ACTION ITEM: Without any pictures, retype exactly the lines that begin at the one holding "Hermes 18k Rose" and end at the last line of the data below.

PROVIDED MATERIAL:
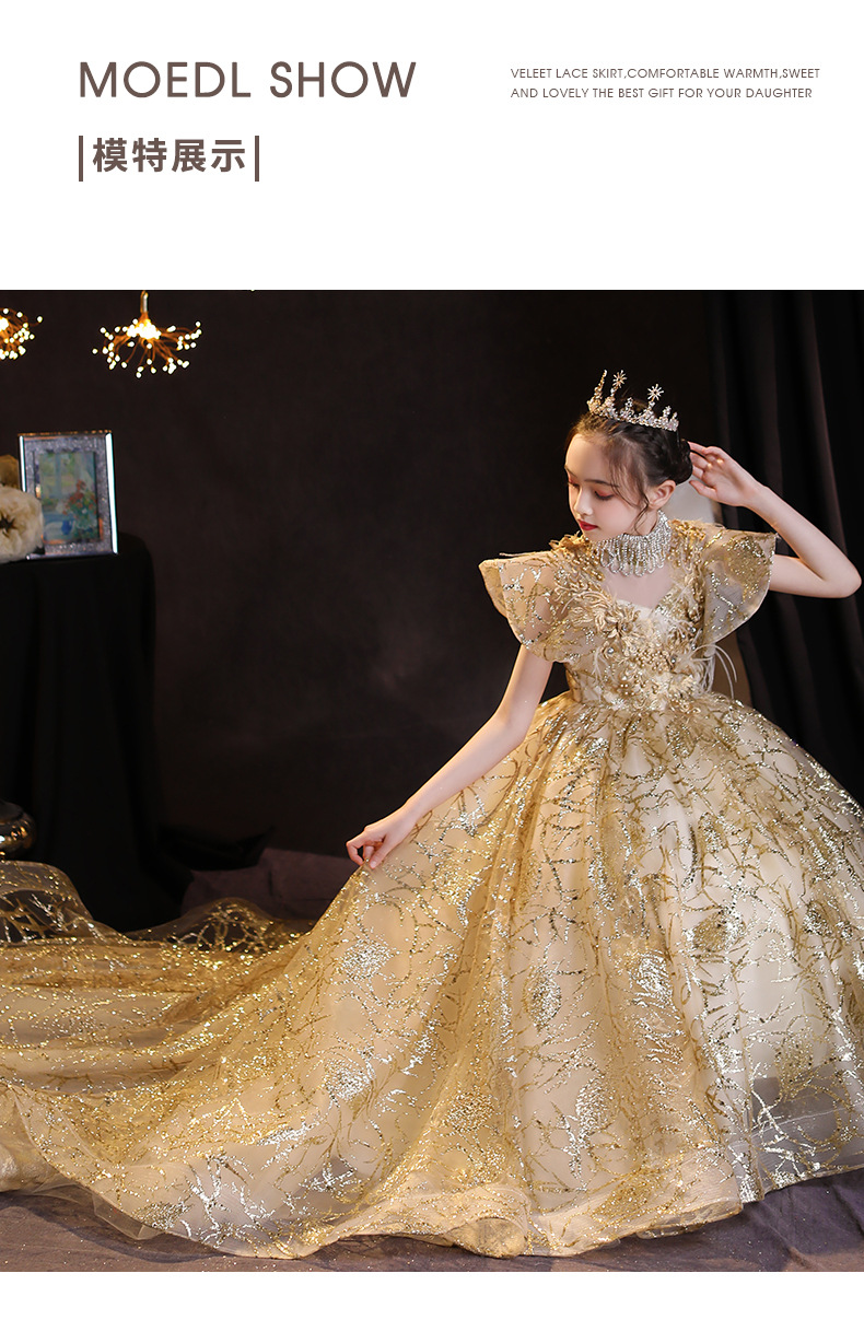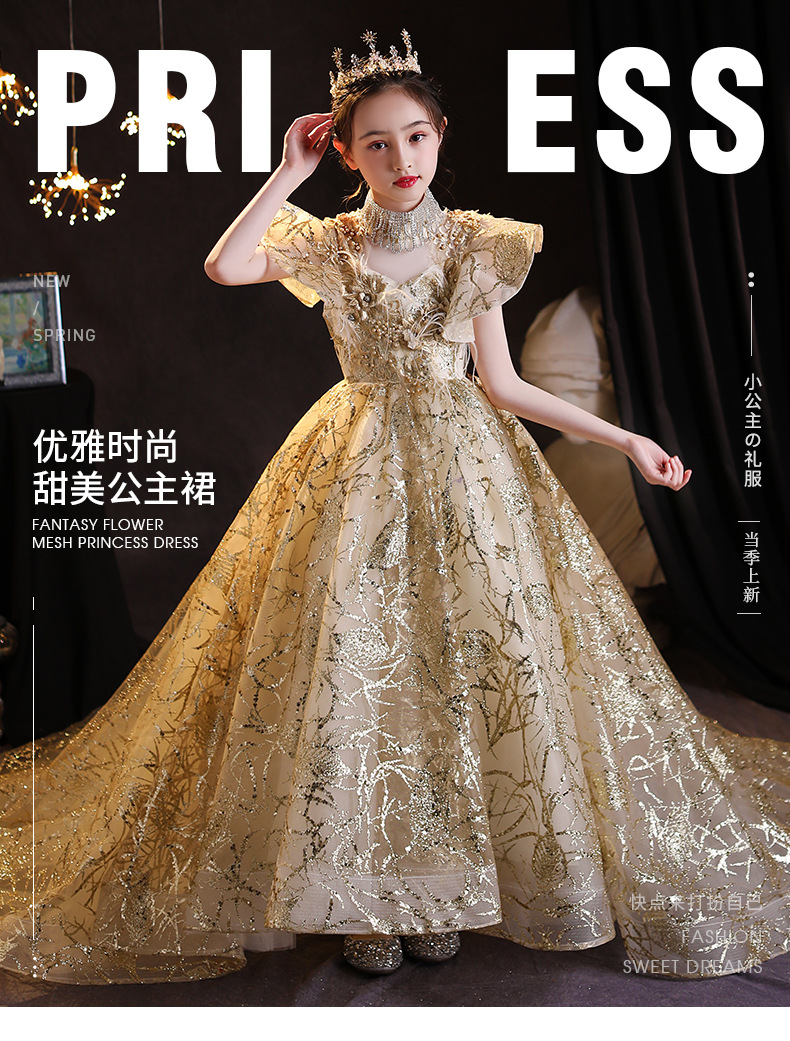 Vestido de arrastre para niños Súper Hada vestido de verano de un año de edad hilo esponjoso Vestido de princesa occidental pasarela T-etapa disfraz para niños
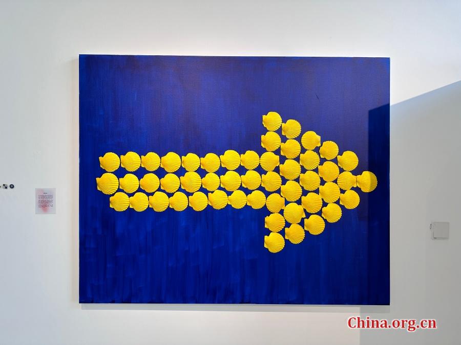 A display dedicated to the Camino's iconic yellow arrows is shown at the "Camino de Santiago: The Road of France" exhibition at the High Mountain Art Center in Beijing, Aug. 4, 2025. Originally painted by Galician priest Elias Valiña in the 1980s, these yellow arrows now guide thousands of pilgrims along the route. [Photo by Liu Ziying/China.org.cn]
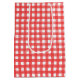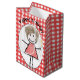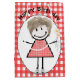 Cute stick-flicka med hår, smygare, ginghamklänning, pärlhalsband på ett rött och vitt gingham mönster. Grattis på födelsedagen kan redigeras.
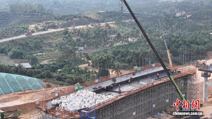 1月2日,G98海南环岛高速公路大三亚段扩容工程土建2标项目正在建设中。中交二公局 供图中交二公局项目负责人表示,现在正是施工“黄金期”,项目部锚定工期节点,通过科学统筹节假日施工安排,确保建设稳步推进。目前,该标段已完成30%路基工程,86%桥梁桩基,以及35%桥梁下部结构施工,开始上部结构预制箱梁、现浇箱梁施工。
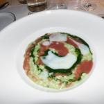 La Delegazione di Novara ha visitato il ristorante "Cucina della Darbia" aperto recentemente in un Residence di charme sul Lago d’Orta, Località Vacciago (Ameno). Foto 1. Il cuoco Matteo Monfrinotti e il maître Davide Pastrello con al centro il Delegato Piero Spaini. Foto 2. Il Delegato con il titolare geom. Primatesta. Foto 3. Risotto ortiche, latticello e cipolla rossa. Foto 4. L'ingresso con orto/giardino.
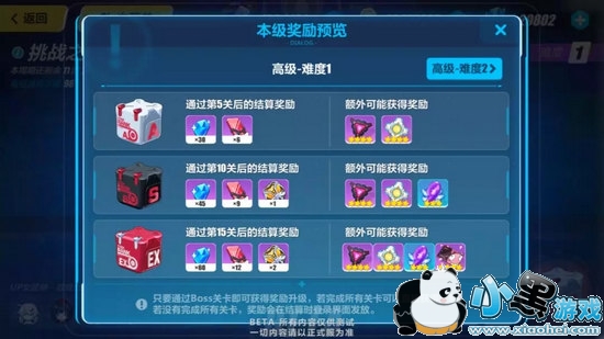 终极区与高级区相比,能够得到的关卡特殊加成较少,难度较大。
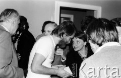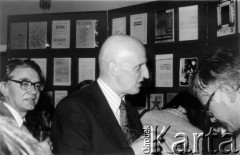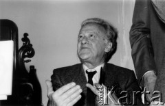 Lata 80., Warszawa, Polska. Spotkanie z Lechem Wałęsą w Klubie Inteligencji Katolickiej, w głębi Henryk Mażul. Fot. Bogdan Łopieński, zbiory Ośrodka KARTA
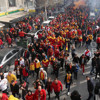 Kafileyi taşıyan otobüsün Mustafa Kemal Sahil Bulvarı üzerinden geçişi sırası bir grup Göztepeli taraftar, takım otobüsüne taş attı.
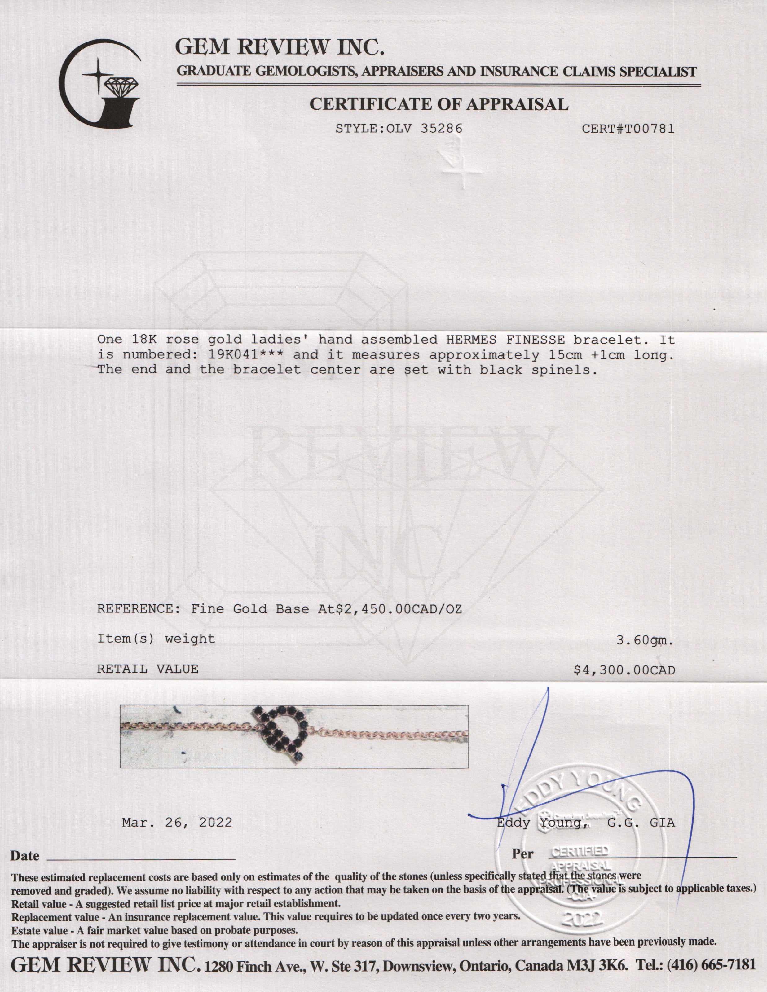 Hermes 18k Rose Gold Black Spinel Finesse Bracelet
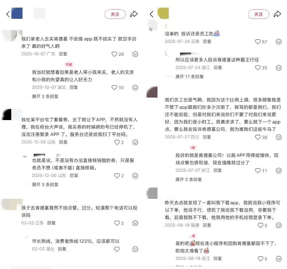 在社交平台,类似的讨论并不少见。一些消费者分享过被引导甚至强制下载APP的经历,甚至社交平台上有自称是肯德基店员的用户直言:不用APP,肯德基就宁可不赚这一单的钱。

ANSWER BOX:
 Hermes 18k Rose Gold Black Spinel Finesse Bracelet
 在社交平台,类似的讨论并不少见。一些消费者分享过被引导甚至强制下载APP的经历,甚至社交平台上有自称是肯德基店员的用户直言:不用APP,肯德基就宁可不赚这一单的钱。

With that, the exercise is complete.